# RECORDS FOR PROCESSING
========================================================================

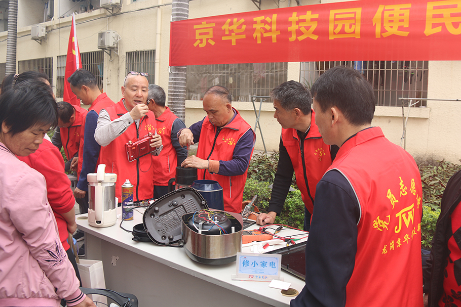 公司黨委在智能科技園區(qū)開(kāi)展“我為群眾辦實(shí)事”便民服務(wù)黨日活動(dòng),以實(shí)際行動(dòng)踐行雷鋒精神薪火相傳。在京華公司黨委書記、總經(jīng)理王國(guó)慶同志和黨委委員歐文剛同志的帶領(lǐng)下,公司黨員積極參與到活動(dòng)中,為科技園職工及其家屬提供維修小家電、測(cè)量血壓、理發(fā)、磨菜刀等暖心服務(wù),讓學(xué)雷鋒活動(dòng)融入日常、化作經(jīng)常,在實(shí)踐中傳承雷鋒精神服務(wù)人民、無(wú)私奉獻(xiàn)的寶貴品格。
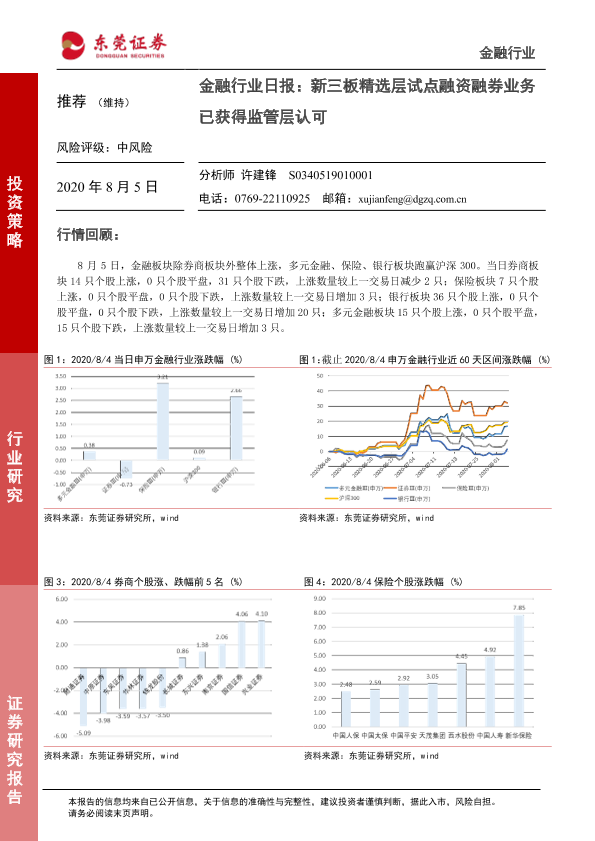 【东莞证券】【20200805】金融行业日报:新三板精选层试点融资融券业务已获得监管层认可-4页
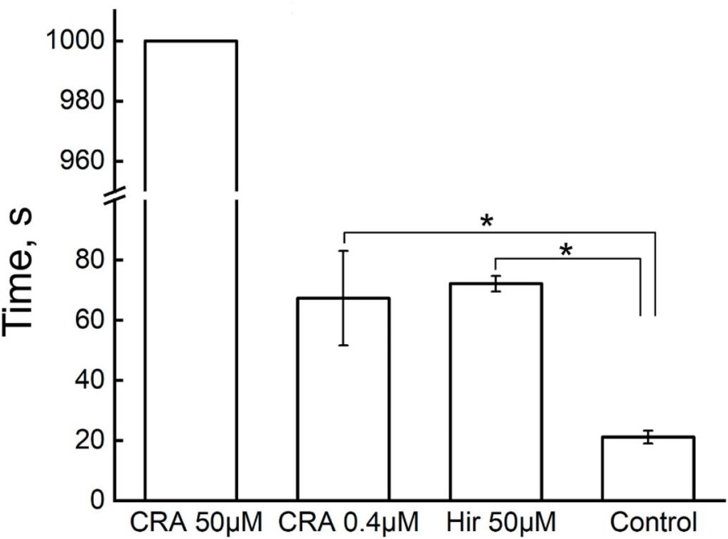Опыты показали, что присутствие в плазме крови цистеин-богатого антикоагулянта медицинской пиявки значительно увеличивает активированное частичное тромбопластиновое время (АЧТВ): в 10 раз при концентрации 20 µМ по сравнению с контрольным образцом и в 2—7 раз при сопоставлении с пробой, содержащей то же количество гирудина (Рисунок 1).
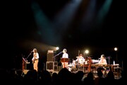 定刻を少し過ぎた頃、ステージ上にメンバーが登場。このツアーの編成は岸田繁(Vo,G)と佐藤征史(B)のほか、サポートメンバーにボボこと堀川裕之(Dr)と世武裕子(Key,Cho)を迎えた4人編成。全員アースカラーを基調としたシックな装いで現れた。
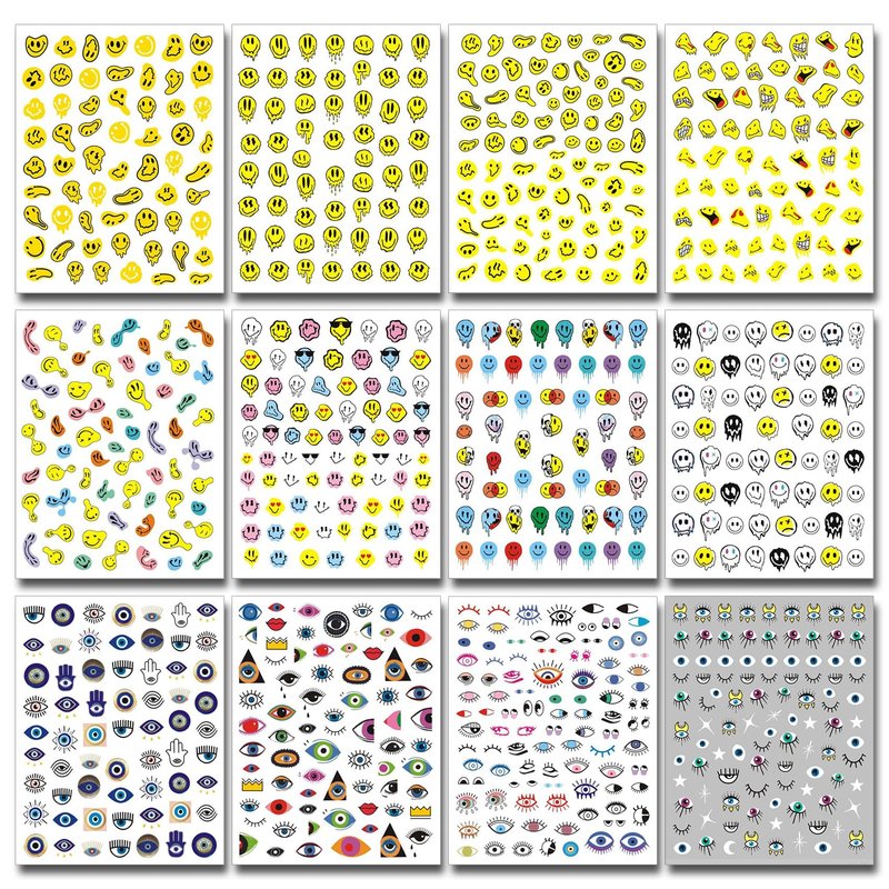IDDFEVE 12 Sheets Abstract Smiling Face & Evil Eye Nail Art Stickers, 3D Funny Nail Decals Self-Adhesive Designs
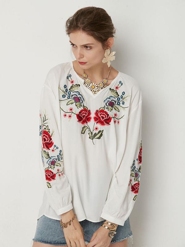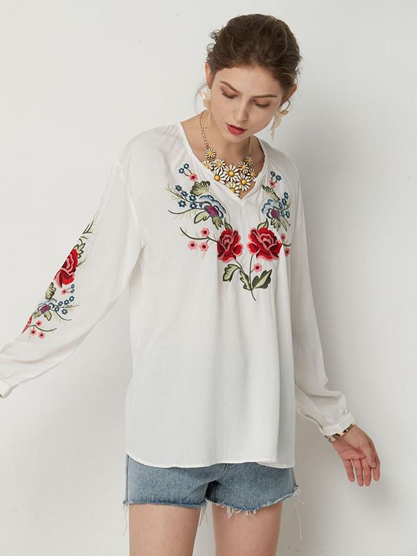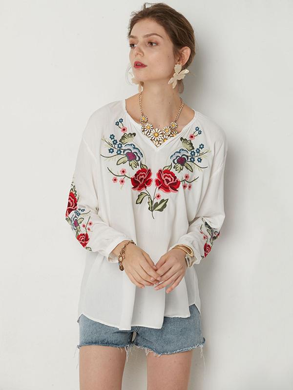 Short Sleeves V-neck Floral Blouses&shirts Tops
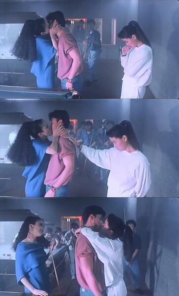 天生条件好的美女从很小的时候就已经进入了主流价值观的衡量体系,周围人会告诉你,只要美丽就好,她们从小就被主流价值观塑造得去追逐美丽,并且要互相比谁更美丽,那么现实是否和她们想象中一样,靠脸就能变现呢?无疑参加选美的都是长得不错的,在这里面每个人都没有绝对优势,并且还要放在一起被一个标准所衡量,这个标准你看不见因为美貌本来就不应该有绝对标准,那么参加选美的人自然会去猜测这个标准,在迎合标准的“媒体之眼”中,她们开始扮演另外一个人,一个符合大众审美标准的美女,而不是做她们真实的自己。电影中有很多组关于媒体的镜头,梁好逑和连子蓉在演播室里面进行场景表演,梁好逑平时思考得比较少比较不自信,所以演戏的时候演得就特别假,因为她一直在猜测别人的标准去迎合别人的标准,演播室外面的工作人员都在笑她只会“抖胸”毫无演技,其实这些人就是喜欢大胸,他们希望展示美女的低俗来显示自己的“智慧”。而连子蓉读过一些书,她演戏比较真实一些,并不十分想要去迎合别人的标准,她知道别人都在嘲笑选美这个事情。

========================================================================

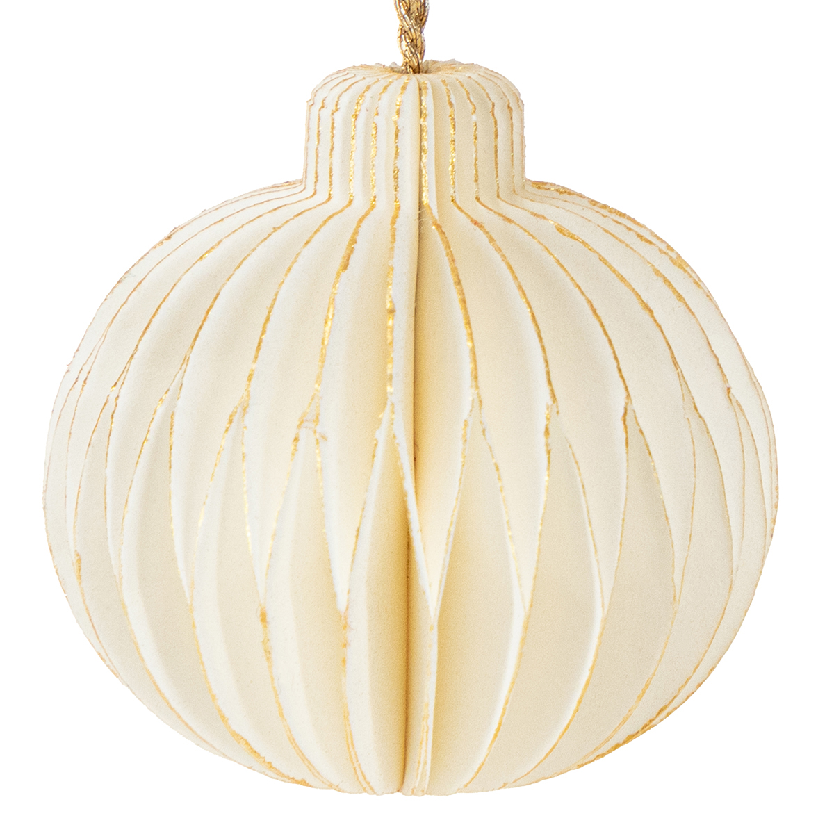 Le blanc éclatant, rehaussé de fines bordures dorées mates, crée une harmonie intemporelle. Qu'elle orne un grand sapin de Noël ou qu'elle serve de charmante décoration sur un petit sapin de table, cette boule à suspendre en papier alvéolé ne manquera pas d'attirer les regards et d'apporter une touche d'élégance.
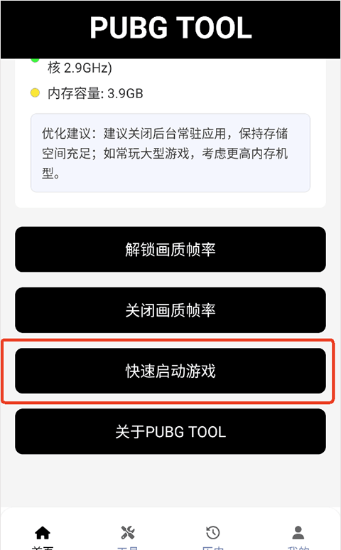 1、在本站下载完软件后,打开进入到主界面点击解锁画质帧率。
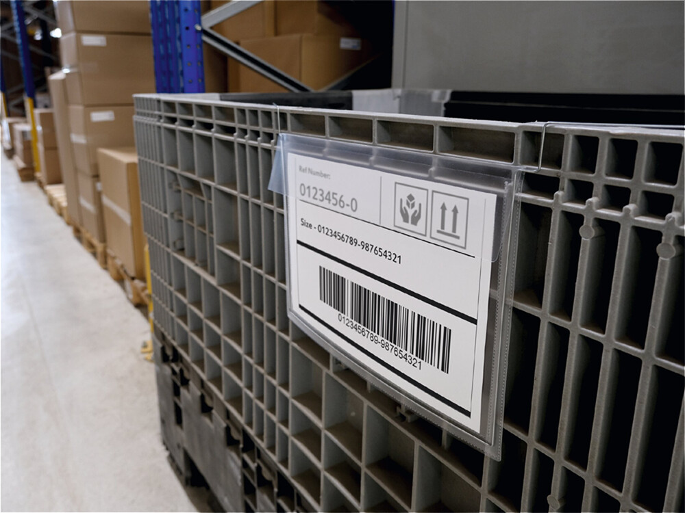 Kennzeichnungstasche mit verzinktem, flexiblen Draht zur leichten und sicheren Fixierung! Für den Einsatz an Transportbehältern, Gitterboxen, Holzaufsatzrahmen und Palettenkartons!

========================================================================

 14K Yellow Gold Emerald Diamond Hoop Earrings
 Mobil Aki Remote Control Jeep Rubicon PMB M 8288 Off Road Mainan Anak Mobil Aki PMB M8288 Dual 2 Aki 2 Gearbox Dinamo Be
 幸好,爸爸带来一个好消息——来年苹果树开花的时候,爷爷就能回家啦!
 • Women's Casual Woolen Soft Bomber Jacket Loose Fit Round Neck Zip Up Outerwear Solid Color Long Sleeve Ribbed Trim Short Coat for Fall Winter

========================================================================

# EXERCISE BRIEF
Skipping every picture, transcribe exactly the lines above from the one containing "公司黨委在智能科技園區(qū" through the one containing "Short Sleeves V-neck", both included.

# RESPONSE TO THIS EXERCISE
 公司黨委在智能科技園區(qū)開(kāi)展“我為群眾辦實(shí)事”便民服務(wù)黨日活動(dòng),以實(shí)際行動(dòng)踐行雷鋒精神薪火相傳。在京華公司黨委書記、總經(jīng)理王國(guó)慶同志和黨委委員歐文剛同志的帶領(lǐng)下,公司黨員積極參與到活動(dòng)中,為科技園職工及其家屬提供維修小家電、測(cè)量血壓、理發(fā)、磨菜刀等暖心服務(wù),讓學(xué)雷鋒活動(dòng)融入日常、化作經(jīng)常,在實(shí)踐中傳承雷鋒精神服務(wù)人民、無(wú)私奉獻(xiàn)的寶貴品格。
 【东莞证券】【20200805】金融行业日报:新三板精选层试点融资融券业务已获得监管层认可-4页
Опыты показали, что присутствие в плазме крови цистеин-богатого антикоагулянта медицинской пиявки значительно увеличивает активированное частичное тромбопластиновое время (АЧТВ): в 10 раз при концентрации 20 µМ по сравнению с контрольным образцом и в 2—7 раз при сопоставлении с пробой, содержащей то же количество гирудина (Рисунок 1).
 定刻を少し過ぎた頃、ステージ上にメンバーが登場。このツアーの編成は岸田繁(Vo,G)と佐藤征史(B)のほか、サポートメンバーにボボこと堀川裕之(Dr)と世武裕子(Key,Cho)を迎えた4人編成。全員アースカラーを基調としたシックな装いで現れた。
IDDFEVE 12 Sheets Abstract Smiling Face & Evil Eye Nail Art Stickers, 3D Funny Nail Decals Self-Adhesive Designs
 Short Sleeves V-neck Floral Blouses&shirts Tops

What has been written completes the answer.